AIDS Fighter, Fraser-Howze Honored
Ms. Fraser-Howze has been recognized for more than two decades of local, national, and international leadership to communities of color regarding teenage pregnancy, social welfare, and HIV and AIDS
On Monday, December 4, 2006, Gay Men of African Decent (GMAD), one of New York City’s leading support organization and resource centers for the LGBT community of color, will honor Debra Fraser Howze, President/CEO of National Leadership Commission on AIDS (NBLCA), and Assistant Professor/Medical Researcher, Dr. David J. Malebranche with its prestigious Angel Award.

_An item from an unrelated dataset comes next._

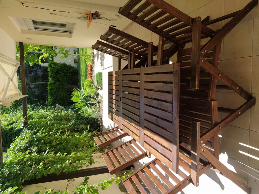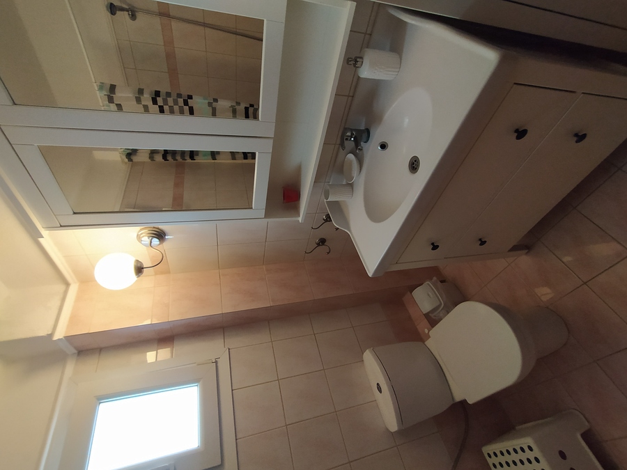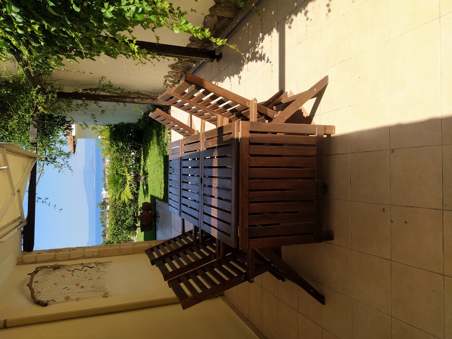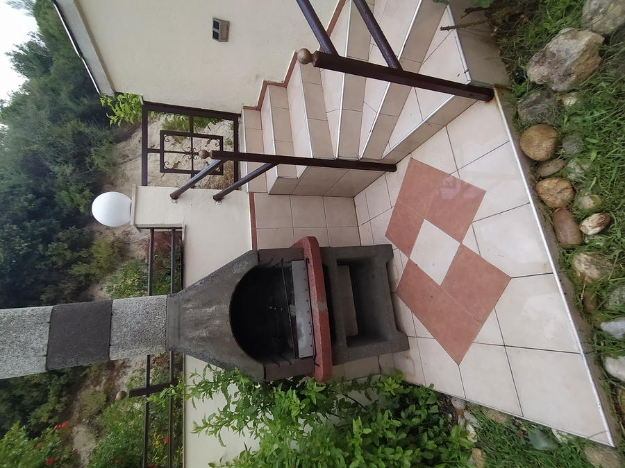 The property has four bedrooms in total, with three on the upper floor, each equipped with air-conditioning and enjoying a private balcony. A family bathroom with bathtub serves the upper floor, while there is a second guest WC located downstairs. The ground floor also includes a fourth bedroom with direct access to the rear garden, ideal for grandparents or guests. The house also features a large living area where a traditional open fireplace serves as a central feature, and the kitchen has been remodelled to a higher standard than typically found in holiday homes, offering both style and functionality for entertaining during holidays.

“It’s truly a blessing to be receiving this award,” says Ms. Fraser-Howze who will receive her award from former boss and friend, Hon. Charles B. Rangel, newly elect Chair of the Way & Means Committee. “I personally knew Charles Angel and NBLCA which supported his early efforts is truly honored to see his vision kept alive thru this much-needed organization.”
The ceremony, which will include a performance from former American Idol contestant and current star of RENT - Frenchie Davis, takes place at Harlem’s Alhambra Ballroom, 216 Adam Clayton Powell, Jr. Blvd at 126th Street, from 6:00 – 9:00 PM. For ticket and additional information, please call (212) 828-1697 Ext. 113.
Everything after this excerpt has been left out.